El azaroso destino de la biblioteca del fundador de "El Caso"

En fecha 3 de junio de 2014, mi amigo, don Eugenio José Suárez Gómez, fundador de "El Caso" y quince publicaciones más, otorgó testamento ante el notario de Piedras Blancas, Castrillón, don Ángel María Martínez Ceyanes. En virtud de la cláusula sexta del mismo, legó a su nieta, doña Alejandra Clemente Suárez, los libros que se hallaren dentro de su domicilio a su fallecimiento, excluidos los que en otro apartado del mismo legó a su hijo Borja. Al mismo tiempo, en la cláusula décima del referido testamento nombró a quien esto escribe albacea, contador-partidor con todas las facultades legales y jurisprudenciales necesarias hasta dejar completamente terminadas las operaciones de dicha partición sucesoria, otorgándome, para dicho menester, el plazo máximo de cinco años a contar del fallecimiento del testador, facultándome expresamente a proceder a la venta de dichos libros si fuere preciso.

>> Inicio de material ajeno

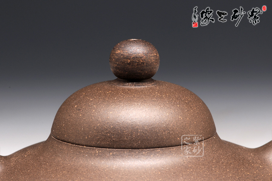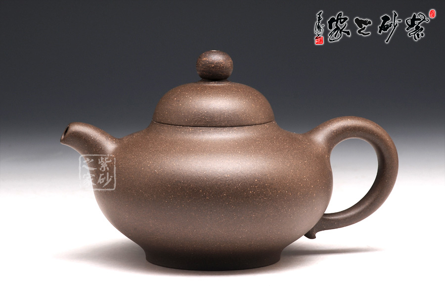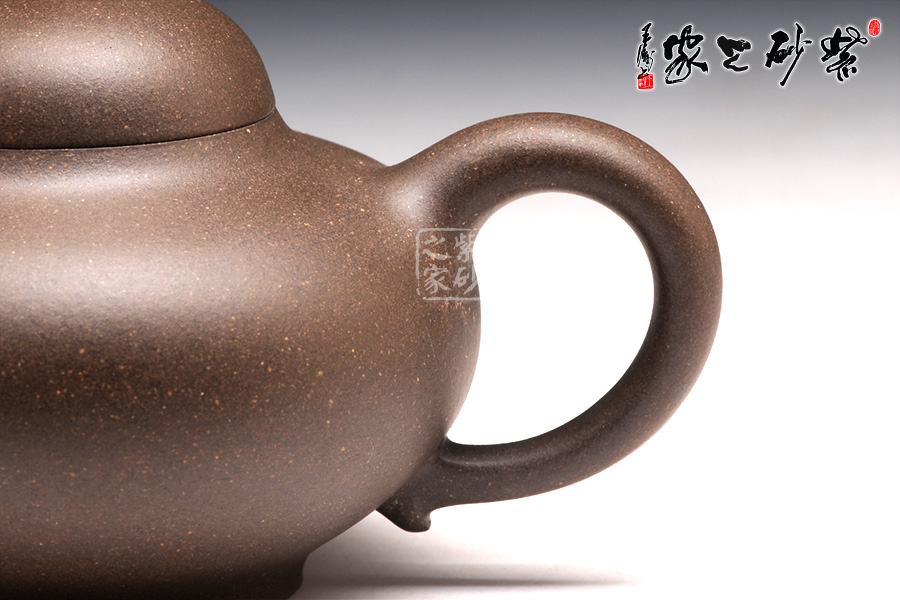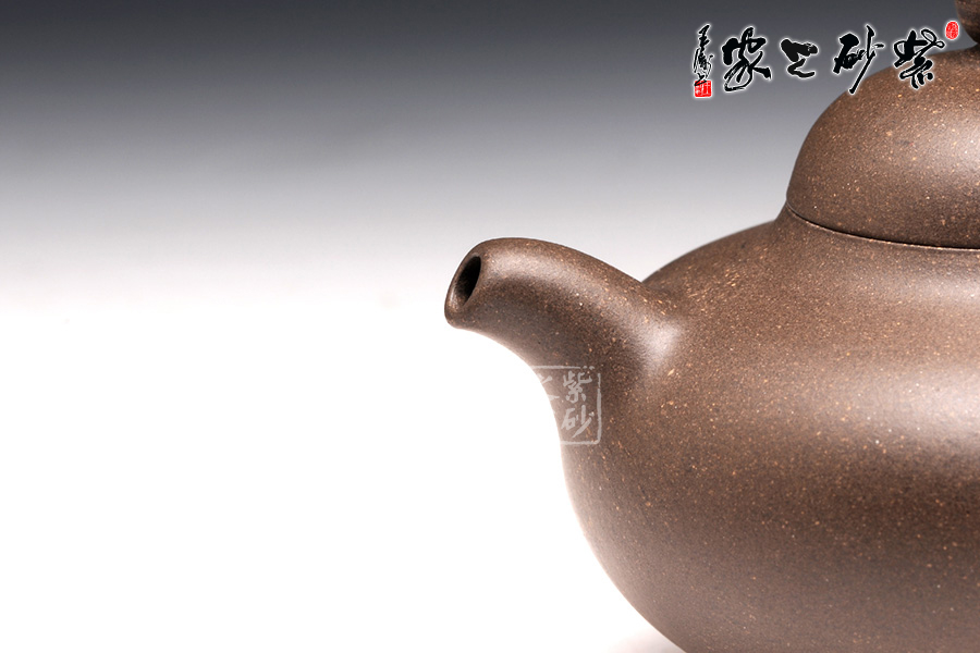 此壺精選原礦天青泥精制而成,呈深紫灰色調(diào),古樸雅致。壺身偏扁,壺蓋鼓起如帽,壺壺鈕如珠,一彎流壺嘴,柔和美觀,出水爽利。耳形端把,端握舒適稱手。品味此壺,那種流暢美妙的韻味沁人心脾,華麗的姿態(tài)尤其難忘。此壺,真是壺如其名,華麗新穎。

En virtud de una fuerte amistad personal con él, a quien por otra parte había entrevistado en mi programa de televisión con sumo deleite y satisfacción en dos ocasiones para que me contara su enriquecedora y jugosa biografía, me comprometí personalmente, siguiendo sus deseos, a donar al Ayuntamiento de Castrillón la totalidad de los libros anteriormente mencionados, dado que Salinas, el lugar donde vivió sus últimos años y encontró la paz espiritual, pertenece a dicho concejo.

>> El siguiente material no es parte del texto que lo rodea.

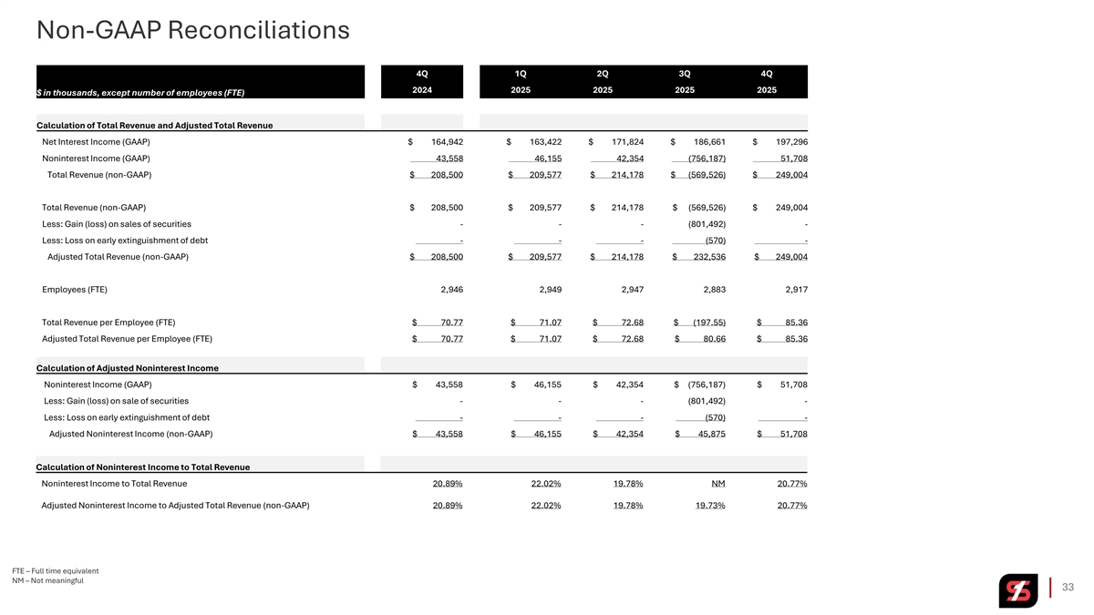 Non-GAAP Reconciliations 4Q 1Q 2Q 3Q 4Q 2024 2025 2025 2025 2025 $ in thousands Calculation of Pre-Provision Net Revenue (PPNR) Net interest income $ 164,942 $ 163,422 $ 171,824 $ 186,661 $ 197,296 Plus: Noninterest income 43,558 46,155 42,354 (756,187) 51,708 Less: Noninterest expense 141,117 144,580 138,589 142,032 139,862 Pre-Provision Net Revenue (PPNR) (non-GAAP) $ 67,383 $ 64,997 $ 75,589 $ (711,558) $ 109,142 Calculation of Adjusted Pre-Provision Net Revenue Pre-Provision Net Revenue (PPNR) (non-GAAP) $ 67,383 $ 64,997 $ 75,589 $ (711,558) $ 109,142 Plus: Loss on sale of equipment finance business - - - - 1,118 Plus: (Gain) loss on sale of securities - - - 801,492 - Plus: Branch right sizing costs, net 1,581 994 163 2,004 85 Plus: Early retirement program 200 - 1,594 305 - Plus: Loss on early extinguishment of debt - - - 570 - Plus: Termination of vendor and software services - - - - 12 Adjusted Pre-Provision Net Revenue (non-GAAP) $ 69,164 $ 65,991 $ 77,346 $ 92,813 $ 110,357 Calculation of PPNR and Adjusted PPNR Per Share Average Diluted Shares Outstanding 126,232,084 126,336,557 126,406,453 140,648,704 145,210,222 PPNR per Average Diluted Shares Outstanding $ 0.53 $ 0.51 $ 0.60 $ (5.06) $ 0.75 Adjusted PPNR per Average Diluted Shares Outstanding (non-GAAP) $ 0.55 $ 0.52 $ 0.61 $ 0.66 $ 0.76 Calculation of Book Value and Tangible Book Value per Share Total common stockholders' equity $ 3,528,872 $ 3,531,485 $ 3,549,210 $ 3,353,963 $ 3,419,240 Intangible assets: Goodwill (1,320,799) (1,320,799) (1,320,799) (1,320,799) (1,320,799) Other intangible assets (97,242) (93,714) (90,617) (87,520) (84,423) Total intangible assets (1,418,041) (1,414,513) (1,411,416) (1,408,319) (1,405,222) Tangible common stockholders' equity (non-GAAP) $ 2,110,831 $ 2,116,972 $ 2,137,794 $ 1,945,644 $ 2,014,018 Shares of common stock outstanding 125,651,540 125,926,822 125,996,248 144,703,075 144,762,817 Book value per common share $ 28.08 $ 28.04 $ 28.17 $ 23.18 $ 23.62 Tangible book value per common share (non-GAAP) $ 16.80 $ 16.81 $ 16.97 $ 13.45 $ 13.91 32

Una vez producido su tránsito hacia la eternidad me puse inmediatamente en movimiento para satisfacer dicha obligación moral, creyendo que un legado tan importante de libros, más de dos mil, y tratándose de quien se trataba, iba a obtener todo tipo de facilidades, ayudas y ausencia de trámites burocráticos absurdos.

Nada más lejos de la realidad; desde el primer momento comprobé, a pesar de mis profundas convicciones culturales, que una cosa son las ideas sobre la vida y otra las respuestas que determinadas personas ofrecen sobre la misma. Tras innumerables gestiones realizadas constaté, para mi sorpresa personal, que los cargos responsables de dicho Ayuntamiento sólo se hicieron cargo, y para evitar habladurías, de 164 ejemplares, descartando el resto por falta de interés o por motivos varios aducidos, viéndome precisado a destinar el resto del legado a otro centro cultural para no tirarlos a la basura, con la finalidad de que los niños e interesados en general puedan disfrutar de esa valiosa aportación.

Tras pelear, en el buen sentido de la palabra, con unos y otros -evito nombres propios para no desagradar a nadie, siguiendo mi costumbre habitual- al final logré, a través de algunos amigos que intervinieron en la operación, que el Ayuntamiento de Illas se hiciese cargo del resto de la colección, casi el 90% de lo donado.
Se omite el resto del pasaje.